Production of transgenic mice expressing firefly luciferase gene controlled by α-fetoprotein enhancer/promoter

Objectives Development of a small animal imaging system for hepatocellular carcinoma(HCC) specific reporter gene expression will enable us to image carcinogenesis or monitor therapeutic intervention of HCC in vivo. Fetoprotein(AFP) is a fetal protein which is not expressed after birth but is re-expressed in HCC. In this study, we developed a firefly luciferase(fLuc) transgenic mouse in which fLuc expression is controlled by AFP enhancer/promoter only in AFP producing cells.

Methods pGL3-AFPfLuc containing fLuc gene driven by AFP enhancer/promoter was constructed. For the verification of this system pGL3-AFPfLuc was transiently transfected to AFP-producing HCC cells(HuH-7) and AFP-non producing cells(C6) using lipofectamine. The expression of fLuc gene was measured by fLuc activity assay. pGL3-AFPfLuc was used for the production of fLuc-transgenic mice. The propriety of the transgenic mouse model was evaluated by in vivo bioluminescent imaging (BLI) in fetus or neonatal mice.

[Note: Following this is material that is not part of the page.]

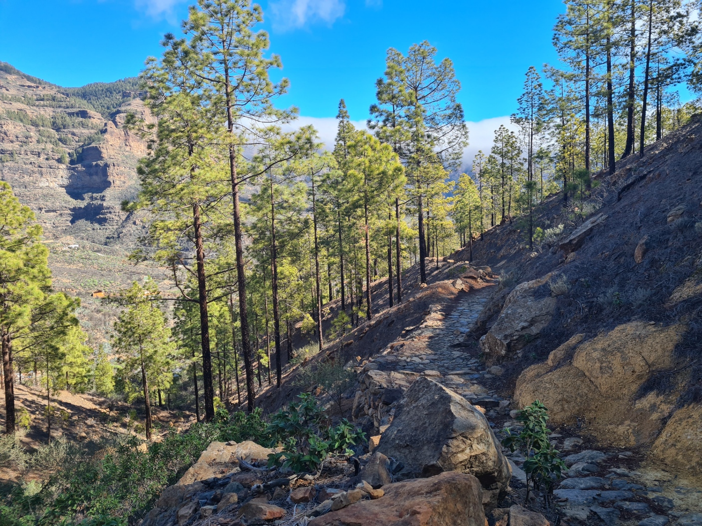 This lovely stretch of path took me down to the Bailico Zona de Acampada, an official camp site amongst the pines that were replanted in the 1950s followed deforestation. I wrote a little on these campsites in another post though I note that the required permits can now be obtained online. These sites amongst the shady Canary Pines provide free parking spots in the mountains for those just venturing up from the coast for day hikes and are popular places. Every now and then the authorities have to close them when there is a high risk of fire in the hotter drier summer months.

Results After transfection of pGL3-AFPfLuc, the fLuc activity was observed in AFP-producing HCC cells, but not in AFP-nonproducing cells. Eleven positive founders among 110 founders were obtained using genomic PCR typing and 8 of 11 lines were male. Eight male genotype positive founders were mated with wild type female mice and its progenies of 3 lines(39, 59 and 78) showed strong bioluminescence signal in their liver region at 1 day after birth as well as fetus. Normal fetus and newborn mice did not express fLuc in their liver region.

Conclusions We developed a transgenic mouse model to image AFP-producing cells with BLI using AFP enhancer/promoter and fLuc.